* Task requirements:
After locating the line that holds "Monogramlı Plaj Havlusu", copy that line and all that follow it word for word through the end of the data, with no pictures.

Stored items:
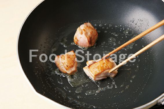 バター半量をフライパンに入れ、鶏肉をこんがりと焼き、取り出しておく。 |
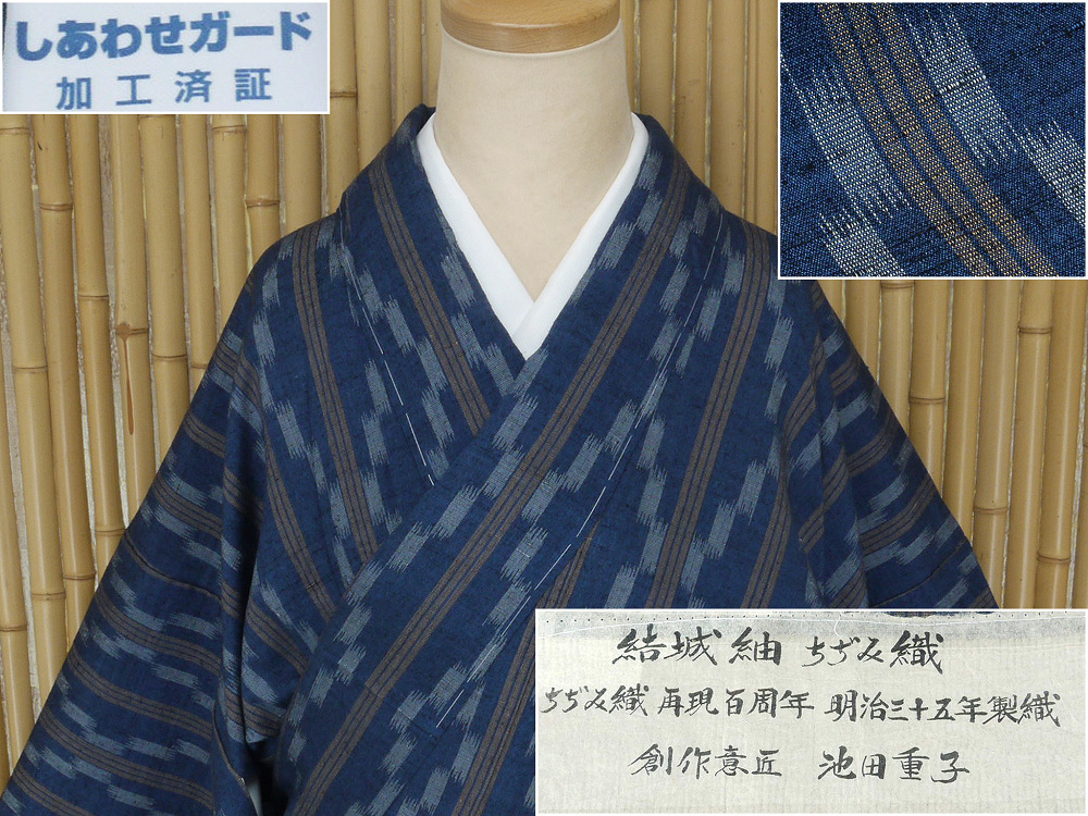 - 【京かんざし】t-735「創作意匠 池田重子」結城紬ちぢみ織 奥順謹製 はたおり娘 躾糸付未着用身丈163 cm裄丈68.5 cm★即決送料無料!
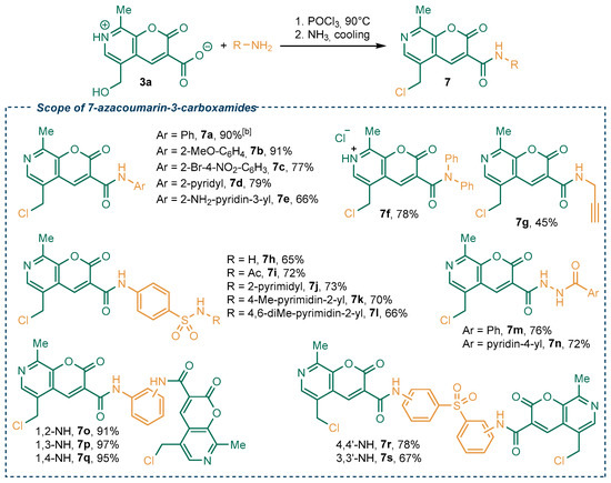Having optimized the synthesis of 7-azacoumarin-3-carboxylic acid 3a, we screened the most optimal method of its conversion to the target amides. A number of amide bond-forming reactions and coupling reagents have been developed so far [34,35,36], including the electrosynthetic [37] and photocatalytic [38] methods. However, the most straightforward and mature approach via transient acyl halide formation was proven to be the most effective in terms of reagents availability, reaction scope, and product yield in our case. Preliminary studies with compound 3a and aniline indicated that the phosphorus oxychloride was superior to other chlorinating reagents tested (thionyl halides and oxalylchloride). Importantly, this approach allowed the simultaneous replacement of the hydroxyl group by chlorine atom in compound 7a, which is useful if further modification via nucleophilic substitution is considered. Interestingly, the phosphoryl-substituted acid 3b could also be used instead of compound 3a, leading to the same amide 7a.
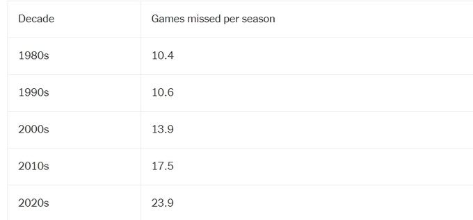 В среднем количество матчей за сезон, пропущенных из-за травм
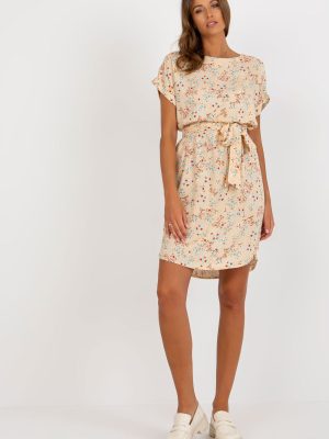 Καλοκαιρινό φόρεμα με κοντά μανίκια και στρογγυλή λαιμόκοψη. Ζώνη με δέσιμο στη μέση. Φόρεμα από ύφασμα με ενδιαφέρον φλοράλ μοτίβο.
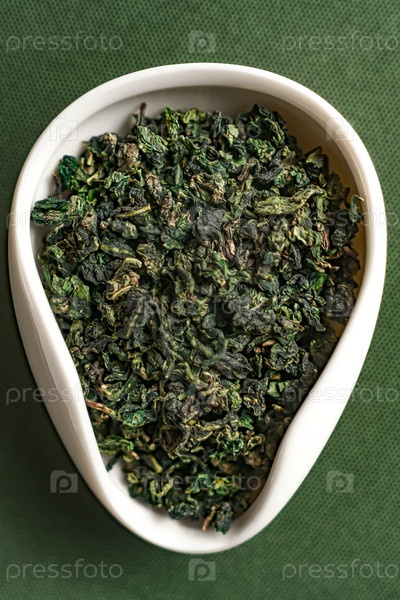 Сушеные листья зеленого чая красиво представлены в элегантной декоративной тарелке для удовольствия
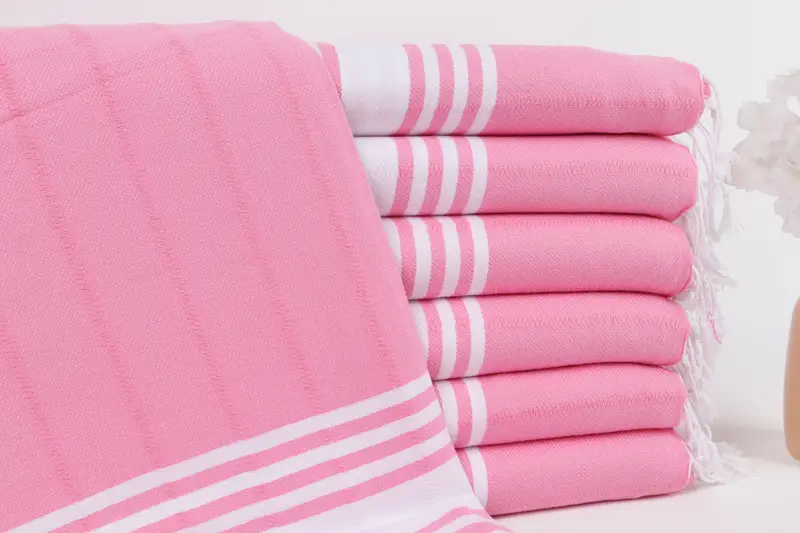 Monogramlı Plaj Havlusu Türk Açık Pembe Çizgili, 40x71 İnç
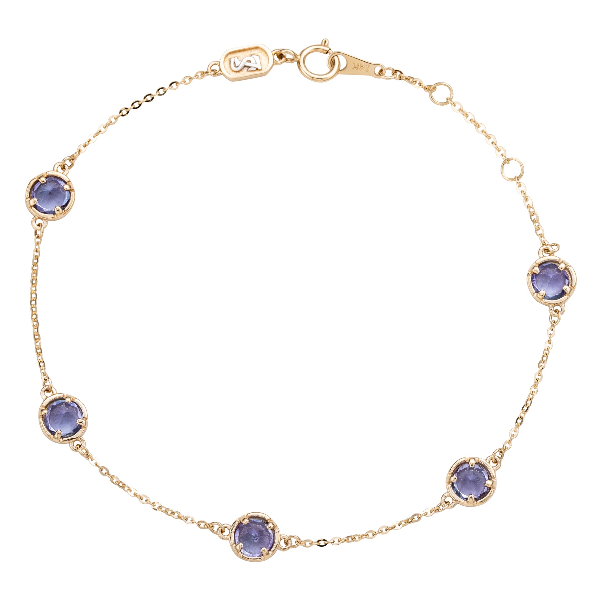 Suzy Levian 14K Yellow Gold 1.25 Cttw Round Cut Tanzanite Station Bracelet
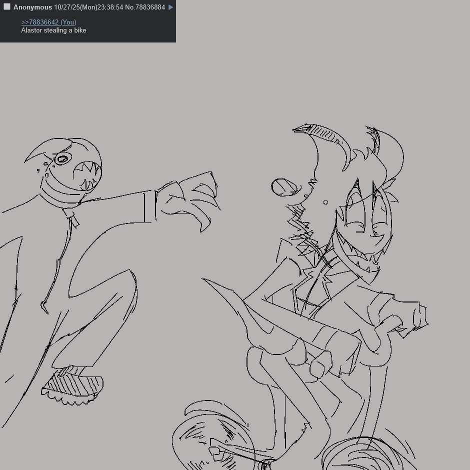 >>3995839Alastor is charming! Lucifer is stinky!
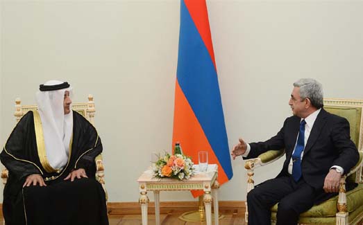 Yerevan, May 29, 2013 (WAM) - : The President of Armenia, Serzh Sargsyan, has received the credentials of the UAE Ambassador to Iran and Non-resident Ambassador to Armenia, Saif Mohammed Obaid Al Zaabi. Al Zaabi conveyed the greetings and appreciation of President His Highness Sheikh Khalifa bin Zayed Al Nahyan and the UAE Vice President and Prime Minister and Ruler of Dubai, His Highness Sheikh Mohammed bin Rashid Al Maktoum, and their wishes for further progress and prosperity for the Armenian President and people. The President of Armenia reciprocated the greetings and expressed appreciation for the UAE president, Vice President and the people of the UAE. The two sides hailed the relations between the two friendly countries, stressing the importance of developing them even further. Earlier, the UAE ambassador met with the Armenian Foreign Minister, Edward Nalbandian, and presented him with a copy of his credentials after which they exchanged views on issues of mutual interest. – Emirates News Agency, WAM

* Result of the exercise:
 Monogramlı Plaj Havlusu Türk Açık Pembe Çizgili, 40x71 İnç
 Suzy Levian 14K Yellow Gold 1.25 Cttw Round Cut Tanzanite Station Bracelet
 >>3995839Alastor is charming! Lucifer is stinky!
 Yerevan, May 29, 2013 (WAM) - : The President of Armenia, Serzh Sargsyan, has received the credentials of the UAE Ambassador to Iran and Non-resident Ambassador to Armenia, Saif Mohammed Obaid Al Zaabi. Al Zaabi conveyed the greetings and appreciation of President His Highness Sheikh Khalifa bin Zayed Al Nahyan and the UAE Vice President and Prime Minister and Ruler of Dubai, His Highness Sheikh Mohammed bin Rashid Al Maktoum, and their wishes for further progress and prosperity for the Armenian President and people. The President of Armenia reciprocated the greetings and expressed appreciation for the UAE president, Vice President and the people of the UAE. The two sides hailed the relations between the two friendly countries, stressing the importance of developing them even further. Earlier, the UAE ambassador met with the Armenian Foreign Minister, Edward Nalbandian, and presented him with a copy of his credentials after which they exchanged views on issues of mutual interest. – Emirates News Agency, WAM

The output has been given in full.